Secretly Neal wondered if Volney Rain was around. Maybe the man could paint a rendition of this wonderful spectacle. A moment later, surprised that he had
considered it, he shook his head with contempt. Paint, and all the rest of the arts, were trivial compared to stage. So he would star in a play, he resolutely
decided. A play in which he was the hero and savour of everything. He had longed to be in a production since before his bizarre coronation, at which his advisers
had only allowed a little dramatic flair. He had protested, but to no avail. With glee, he set to the preparation at once. After all, he had connections. Even if they
were singed ones.
--
His remaining advisors had reacted with a mix of weariness, fear, and caution - an essential virtue in advisors which Neal detested.
"Everyone will laugh at you," they told him, "And you're the king. It's not right for you to show yourself in such a way. And it is detrimental to our alliances.
Think of the accounts in the Tortall Gazette! No. You cannot do this, sire."
Neal crossed his arms. "I learned stubbornness from Alanna, and I will make use of it. You lily-livered men tiptoe around everything. Why do you think not of the
uproarious clapping thunder resounding throughout the stage? Why do you think not of the fragrant flowers to be crushed under my nose?"
"I can think of a lot of things that can happen under your nose," a severely wounded Merric muttered blackly.
"You know," Neal said thoughtfully in response, "I don't even understand in the least why I placed you in the senate. I think I'm gonna follow old Roald's idea
and give Starsworn a chance at it."
"Your horse?" Everyone recoiled at this absurdity.
"Oh, yes," Neal said, "I shall see it happen tomorrow."
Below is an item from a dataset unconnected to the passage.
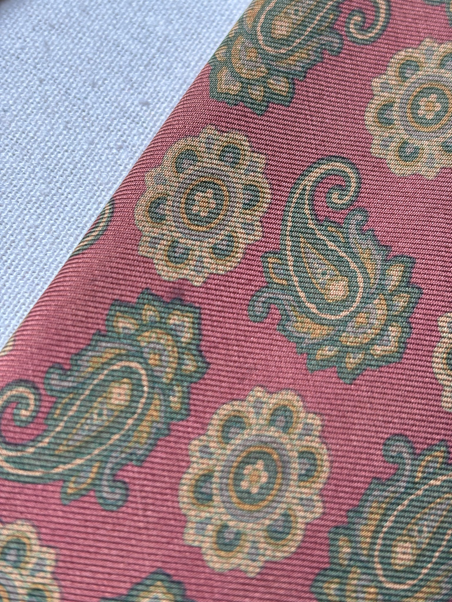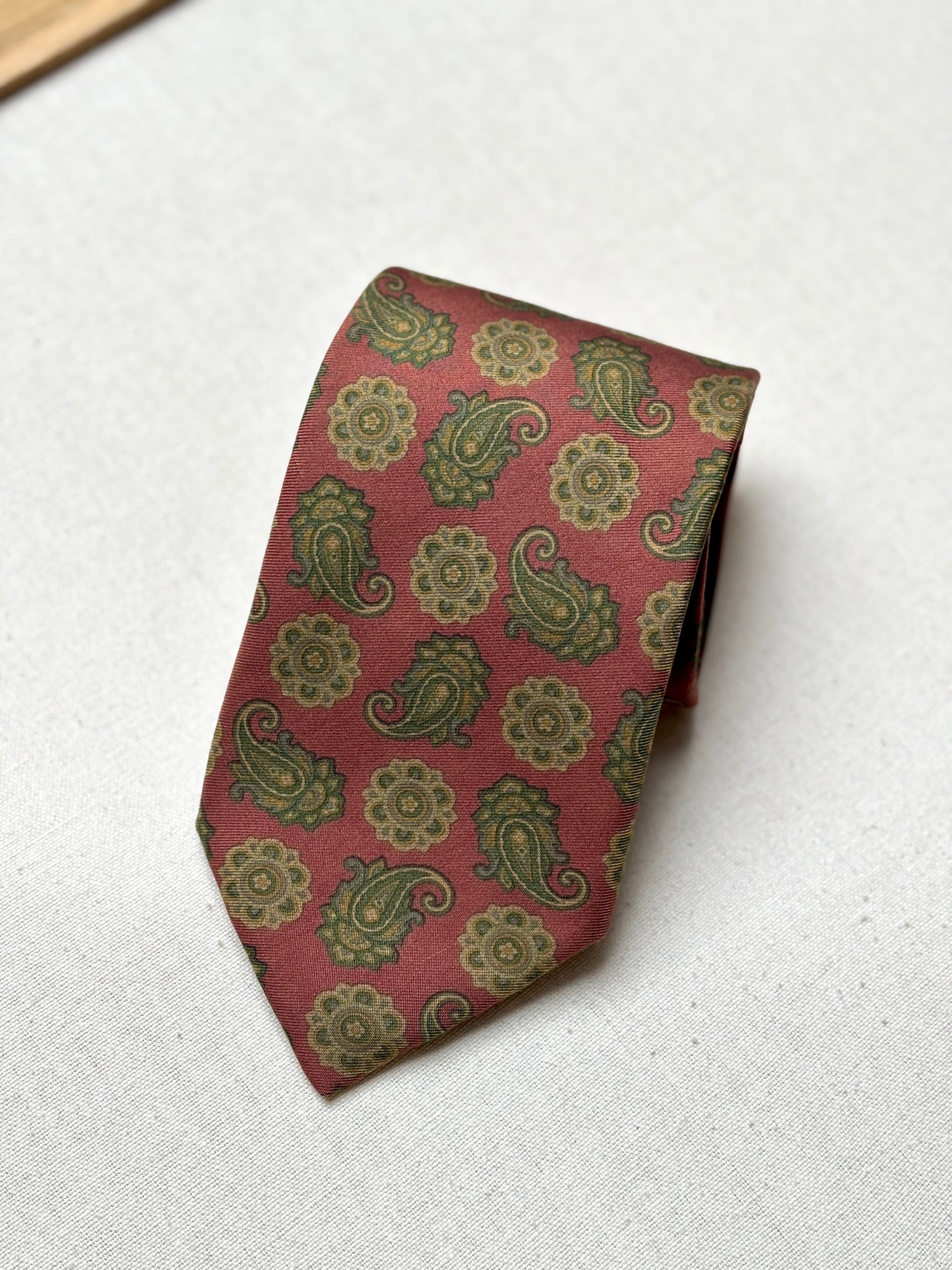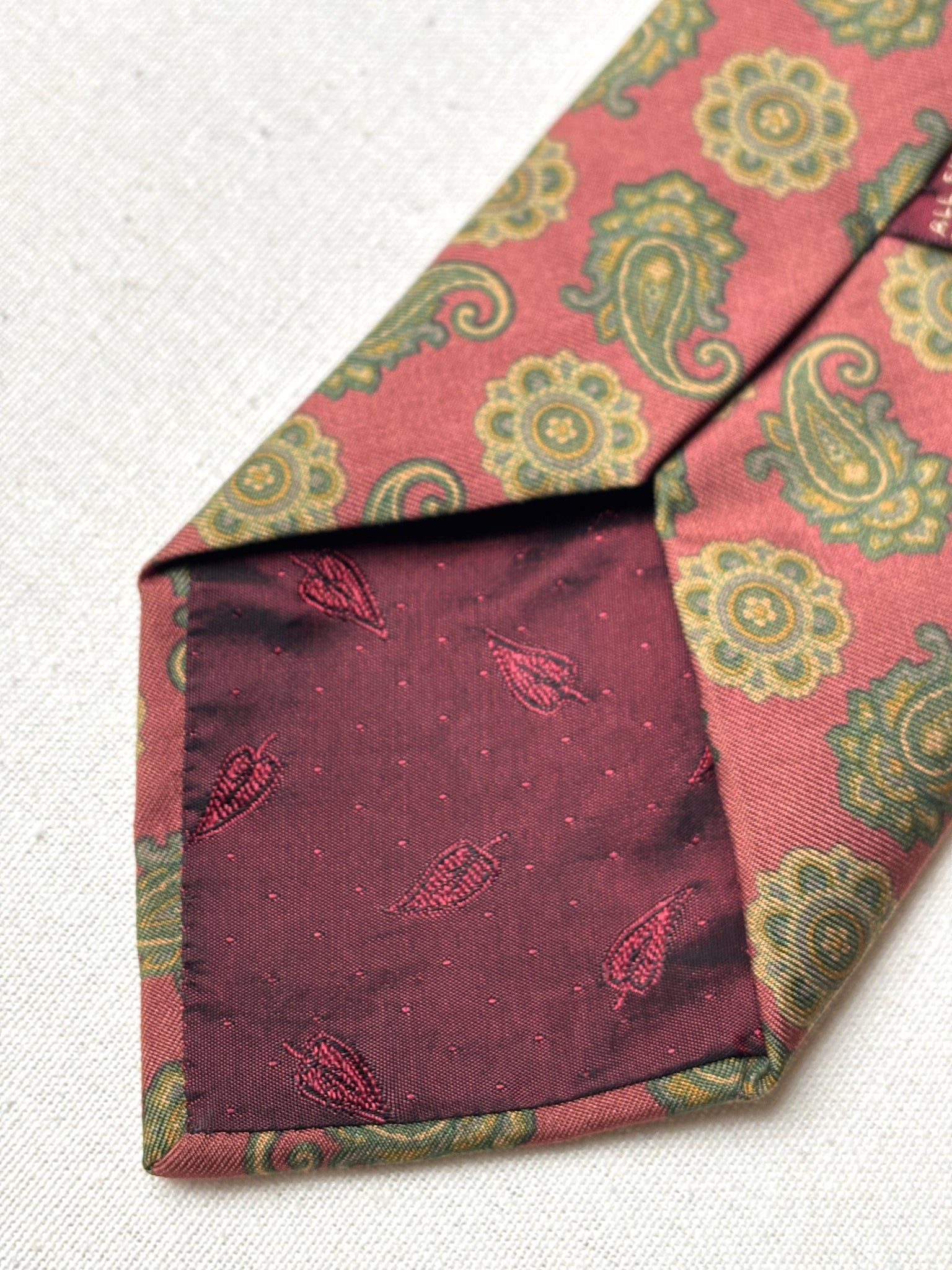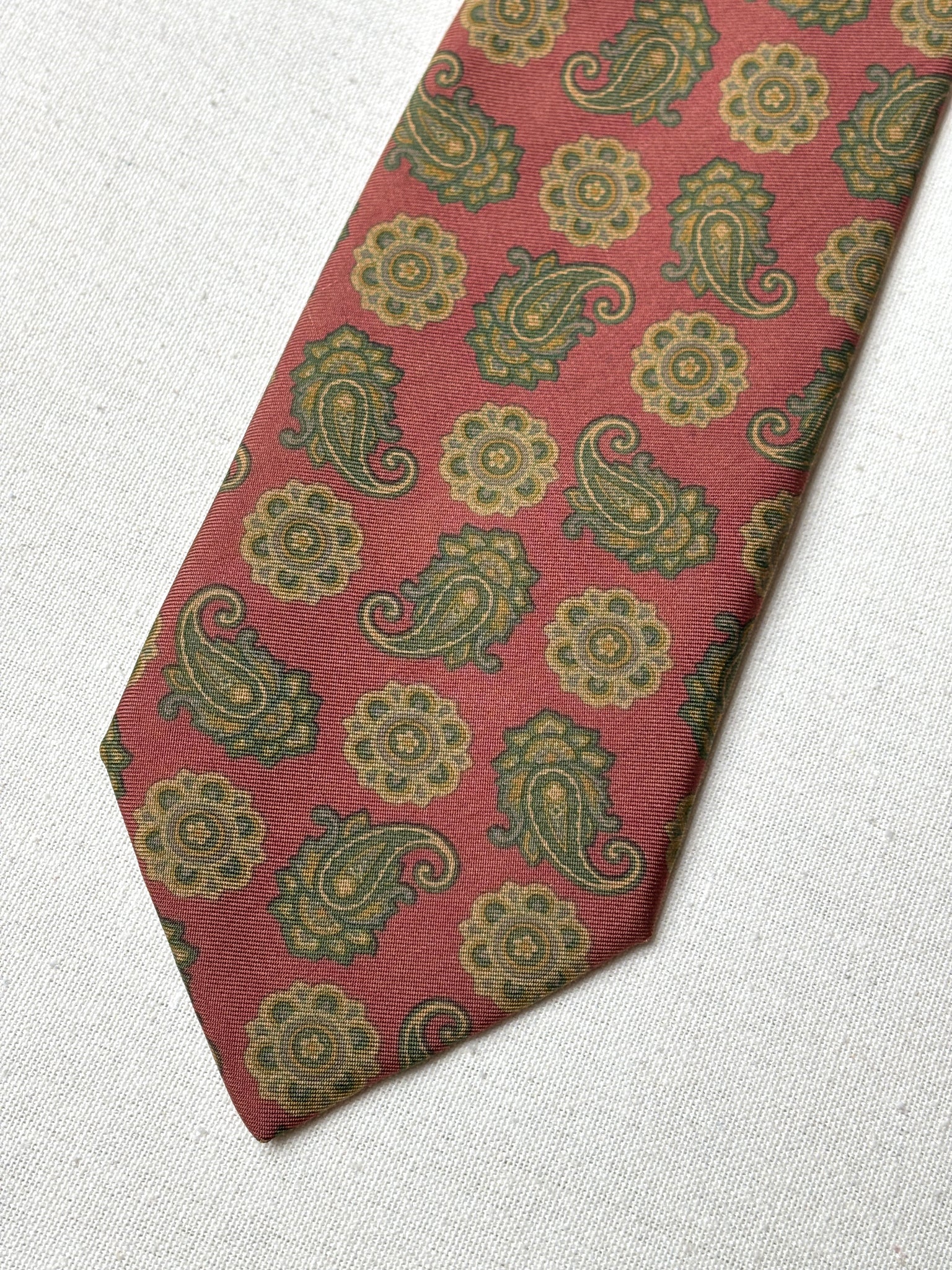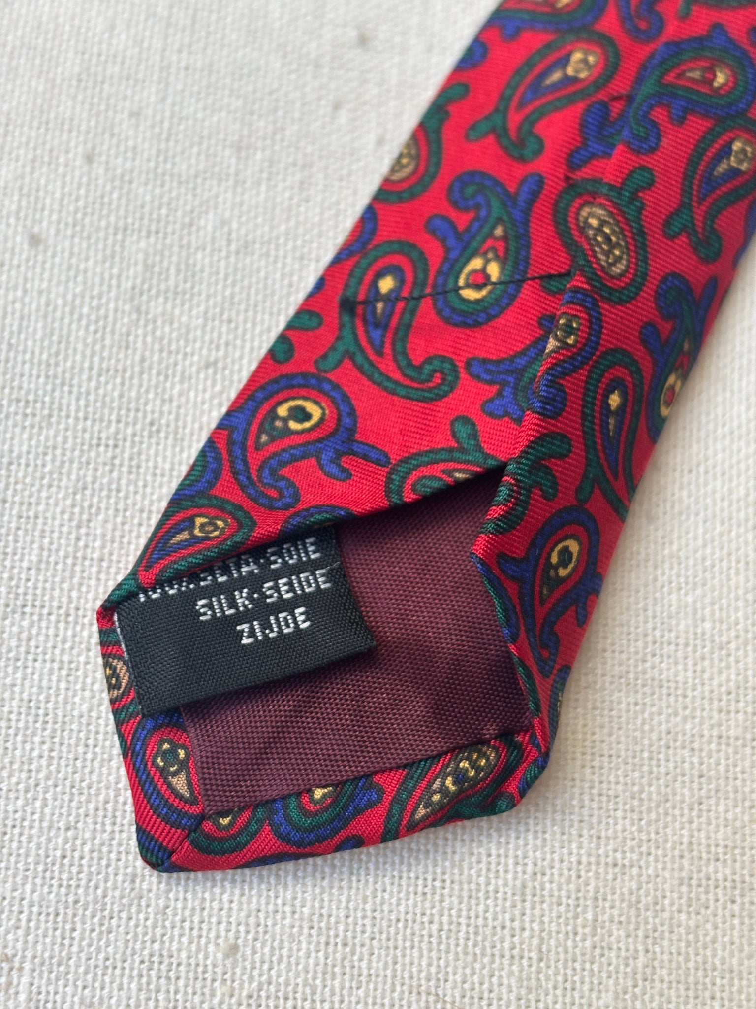 3/ Cravate rouge en soie à motif paisley, griffée Paolo di Quinto, fabriquée en Italie.

The advisors sighed collectively.
"And," Neal added as he turned back, "Make sure the drapes are washed."
--
Neal lumbered onto the stage with sweat-soaked worry, but he really needn't have - everyone was guffawing at his bloomers. He looked around bewilderedly and
assured himself there was nothing wrong with his outfit. He must look unfocused, though. Maybe that was the reason why no one was listening to his
monologue with rapt attention. (According to him, that rapt attention was a package deal when it came to his speeches. It was inevitable, and he mused about
putting a warning on the door for it.) He bravely smoothed the fabric of his vest down and began to sing despite the whispering.
Of course, the audience adored it - wait, was that a "boo"? No, he vowed he would never hear such a sound. And then more started filling the stage! Like bats
they were, or howler monkeys! Too bad, he thought regretfully, that he didn't bring bananas to pacify the curs.
"But you don't need bananas!" he shouted aloud, and the din stopped altogether. A candle flickered once and a pin dropped.
"Uh, Majesty, we all think you're bananas," a man said from the back, and everything exploded into chaos.
--
"Ah! The play was a failure! I am a failure!" Neal moaned through a crevice in his burnt palace. "Balor's Needle is the only possible solution to end this agony, this
- this mortification! I am so misunderstood. It is lamentable." And he would have lamented had he his lyre, but it had gone down the river. So he said, "What an
artist dies in me!" and waited for Lord Wyldon's eager commission to be executioner.